During the Marcos period, the foreign monopoly capitalist and local big-comprador firms favored foreign-funded infrastructure-building and the accelerated raw-material production-for-export as development. They extracted superprofits from the ceaseless unequal exchange of manufactured imports with raw-material exports as well as cheap labor export. Trade deficits and foreign debt mounted. There was the economic and financial collapse which caused the political weakening and eventual fall of the fascist dictatorship.
In the post-Marcos period, the Aquino regime met the international credit crunch with unbridled local public borrowing and subsequently the Ramos regime combined rapid local public borrowing with the restricted inflow of foreign speculative funds, which resulted in a greater outflow of foreign exchange. Trade deficits and foreign debt increased at a faster rate than during the Marcos regime. Income from the export of low-value added semimanufactures, raw materials and cheap labor increasingly fell below profit remittances, debt service and the high-consumption spending of the exploiting classes on palaces, residential towers and car imports.
Now the country is in the throes of an unprecedented economic and social crisis.
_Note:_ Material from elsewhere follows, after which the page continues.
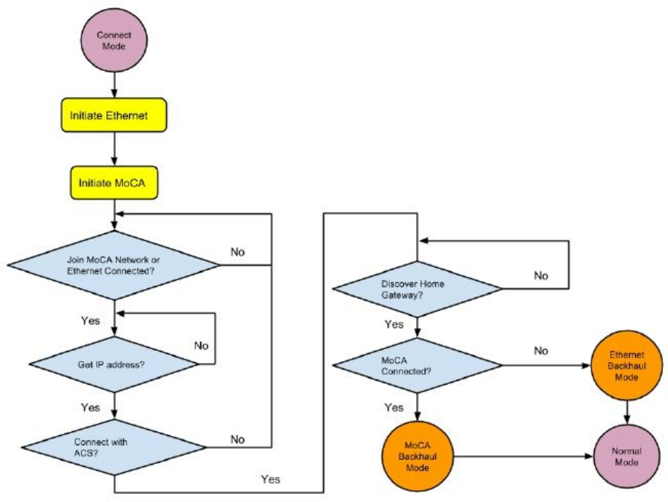 When connected with gateway from MoCA interface or Ethernet interface, MWA1221 will enter Normal Mode.

Within the frame of the capitalist system, which is in the worst crisis since the Great Depression, the domestic economy has gone into a collapse and a prolonged state of depression because the countrys types of exports are squeezed by the global crisis of overproduction and because foreign speculative capital has taken flight at the clear sight of the dwindling export income.
The newly installed US-Estrada regime does not offer any solution to the economic and social crisis but only aggravates it. The regime is hellbent on outstripping the Ramos regime in pursuing liberalization, deregulation and privatization, in opposing national industrialization and land 5 reform, in turning the entire country into a US military base through the Visiting Forces Agreement and suppressing the revolutionary forces and the democratic mass movement.
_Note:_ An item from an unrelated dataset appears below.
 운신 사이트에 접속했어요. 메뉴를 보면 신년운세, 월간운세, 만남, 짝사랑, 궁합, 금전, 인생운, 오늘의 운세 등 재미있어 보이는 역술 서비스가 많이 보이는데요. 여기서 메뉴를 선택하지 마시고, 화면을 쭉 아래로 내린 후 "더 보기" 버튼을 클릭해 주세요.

The US-Estrada regime includes at the core the Marcos family, the biggest of the Marcos cronies (such as Eduardo Cojuango and Lucio Tan) and the most notorious violators of human rights since the time of the Marcos regime. The political crisis of the ruling system is certain to worsen as the return to power of the most greedy and most violent descendants of Marcos regime coincides with the unprecedented economic and social crisis.
All the way, the broad masses of the people have been subjected to ever-rising levels of mass unemployment and ever falling wage and income levels, ever rising prices of basic commodities, ever mounting tax burden and prohibitive prices of basic services. The people and the youth are undergoing terrible suffering. They have no way out but to fight the escalating oppression and exploitation and for their own national and social liberation.
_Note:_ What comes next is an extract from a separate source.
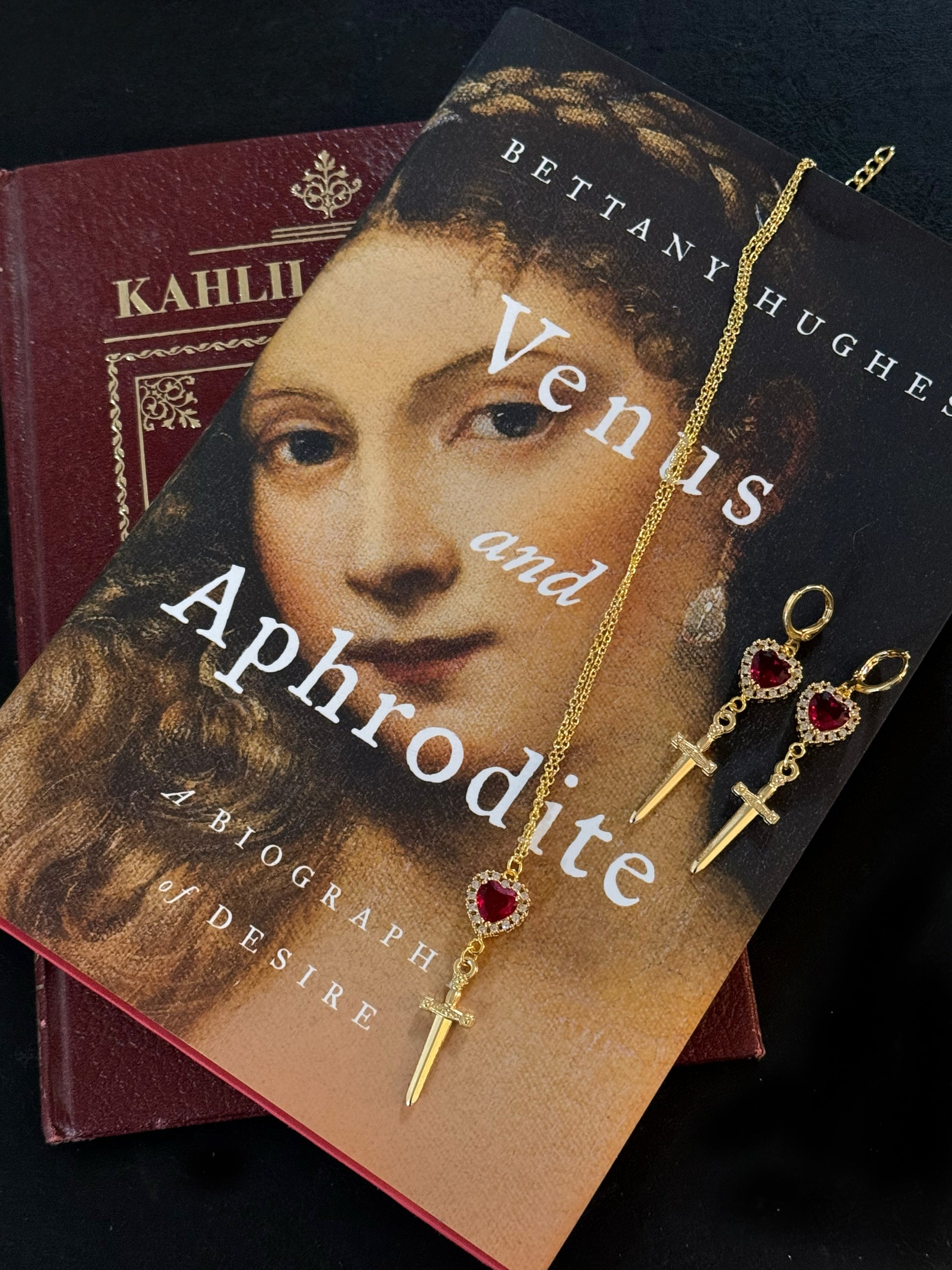 This Gold Heart Dagger Necklace is a tribute to the tragic love story of Romeo and Juliet, capturing the passion, heartache, and ultimate sacrifice of two star-crossed lovers. The intricately designed heart symbolizes the deep, eternal love shared between Juliet and Romeo, while the dagger represents the one Juliet used to end her life after discovering her true love's death. Perfect for those who hold a special place in their hearts for this iconic tale, the necklace serves as a beautiful and sorrowful tribute to one of the most enduring love stories ever told.

The Filipino youth must be aroused, organized and mobilized in their interest and in the service of the entire Filipino people. They must unite and build a solid, comprehensive youth organization, like Anakbayan, uphold the revolutionary leadership of the working class and must join up with the broad masses of the people to fight for national and democratic rights and interests.
The Filipino youth must fight the ruling system that generates mass unemployment, makes the cost of education unaffordable for the vast majority of the youth, suppresses their democratic rights and deprives them of the most basic services and consigns them to a life of grinding exploitation and poverty.
Anakbayan must fight for immediate basic reforms but must aim strategically for the full attainment of national liberation and democracy. The program of Anakbayan must include long- term general demands as well as immediate specific demands.